§ **EXERCISE REQUIREMENTS**: Quote exactly and only this range of lines in the data below: the line that holds "L´humidificateur ultrasonique personnel" to the line that holds "Dirty Fingers Daddy", both included.

Segment Start: TASK DATA

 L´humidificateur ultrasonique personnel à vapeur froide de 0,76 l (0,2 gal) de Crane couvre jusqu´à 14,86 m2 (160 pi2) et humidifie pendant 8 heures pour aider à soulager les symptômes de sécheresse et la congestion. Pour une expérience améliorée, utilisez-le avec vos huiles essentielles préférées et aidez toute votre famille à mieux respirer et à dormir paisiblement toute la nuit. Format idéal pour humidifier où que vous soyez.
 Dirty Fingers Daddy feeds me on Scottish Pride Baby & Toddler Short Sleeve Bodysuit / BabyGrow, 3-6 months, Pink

Segment End: TASK DATA
Segment Start: TASK DATA

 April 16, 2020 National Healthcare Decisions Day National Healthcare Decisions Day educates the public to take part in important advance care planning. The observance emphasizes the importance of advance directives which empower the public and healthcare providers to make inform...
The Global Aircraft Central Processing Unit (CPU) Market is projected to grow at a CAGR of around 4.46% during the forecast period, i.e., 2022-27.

Segment End: TASK DATA

§ **WRITTEN REPLY**:
 L´humidificateur ultrasonique personnel à vapeur froide de 0,76 l (0,2 gal) de Crane couvre jusqu´à 14,86 m2 (160 pi2) et humidifie pendant 8 heures pour aider à soulager les symptômes de sécheresse et la congestion. Pour une expérience améliorée, utilisez-le avec vos huiles essentielles préférées et aidez toute votre famille à mieux respirer et à dormir paisiblement toute la nuit. Format idéal pour humidifier où que vous soyez.
 Dirty Fingers Daddy feeds me on Scottish Pride Baby & Toddler Short Sleeve Bodysuit / BabyGrow, 3-6 months, Pink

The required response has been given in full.